» **What the exercise asks**
Somewhere below, one line contains "- ピック弾き、タップ、スラ" and a later line contains "300,2·25 = 7505". Output those two lines and everything between them exactly, and nothing else.

» **Entries shown**
--- START ---
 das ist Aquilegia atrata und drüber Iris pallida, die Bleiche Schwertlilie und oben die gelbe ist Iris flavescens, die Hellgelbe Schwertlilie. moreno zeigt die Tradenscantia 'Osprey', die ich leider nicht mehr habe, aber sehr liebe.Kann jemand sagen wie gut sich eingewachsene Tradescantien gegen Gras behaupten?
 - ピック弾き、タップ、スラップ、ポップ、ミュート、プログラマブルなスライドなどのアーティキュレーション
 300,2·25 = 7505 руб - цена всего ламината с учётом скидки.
--- END ---
--- START ---
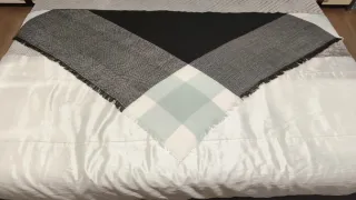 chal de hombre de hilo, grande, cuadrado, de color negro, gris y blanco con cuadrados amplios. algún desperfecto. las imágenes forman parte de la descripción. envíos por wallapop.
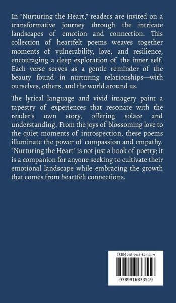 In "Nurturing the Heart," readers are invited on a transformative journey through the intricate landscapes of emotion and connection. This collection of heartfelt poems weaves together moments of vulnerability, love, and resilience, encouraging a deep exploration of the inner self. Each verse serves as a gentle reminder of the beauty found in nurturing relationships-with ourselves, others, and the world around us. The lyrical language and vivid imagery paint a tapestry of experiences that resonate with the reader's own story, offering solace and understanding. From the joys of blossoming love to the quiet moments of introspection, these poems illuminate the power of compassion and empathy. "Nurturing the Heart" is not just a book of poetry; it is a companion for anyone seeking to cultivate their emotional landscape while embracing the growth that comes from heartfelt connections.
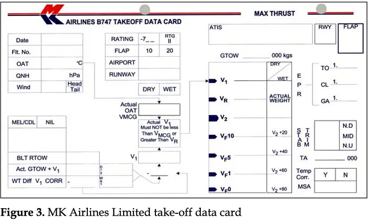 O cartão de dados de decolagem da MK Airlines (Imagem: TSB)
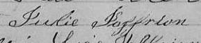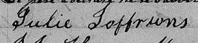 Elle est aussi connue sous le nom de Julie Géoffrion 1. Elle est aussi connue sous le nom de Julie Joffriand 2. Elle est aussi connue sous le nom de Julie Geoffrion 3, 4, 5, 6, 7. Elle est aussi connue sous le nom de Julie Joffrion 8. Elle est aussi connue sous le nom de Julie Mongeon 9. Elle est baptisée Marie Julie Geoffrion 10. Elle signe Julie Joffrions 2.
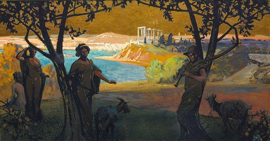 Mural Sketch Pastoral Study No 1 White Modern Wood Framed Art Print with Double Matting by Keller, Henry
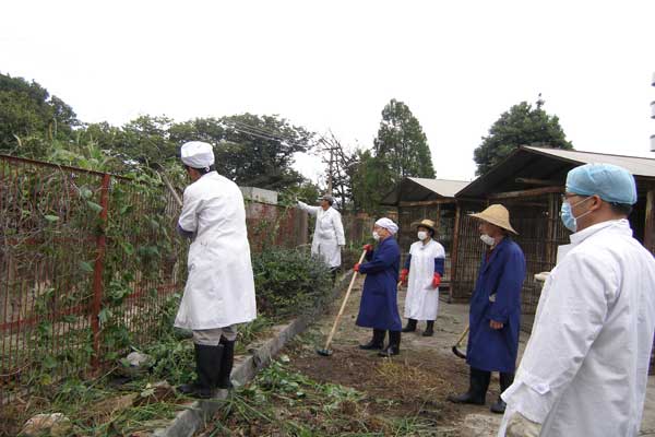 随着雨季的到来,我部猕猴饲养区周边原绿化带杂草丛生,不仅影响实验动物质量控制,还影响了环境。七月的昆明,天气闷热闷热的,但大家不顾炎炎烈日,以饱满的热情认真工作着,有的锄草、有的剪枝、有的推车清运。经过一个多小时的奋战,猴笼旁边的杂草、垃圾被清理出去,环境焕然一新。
--- END ---
» **Result for this task**
 - ピック弾き、タップ、スラップ、ポップ、ミュート、プログラマブルなスライドなどのアーティキュレーション
 300,2·25 = 7505 руб - цена всего ламината с учётом скидки.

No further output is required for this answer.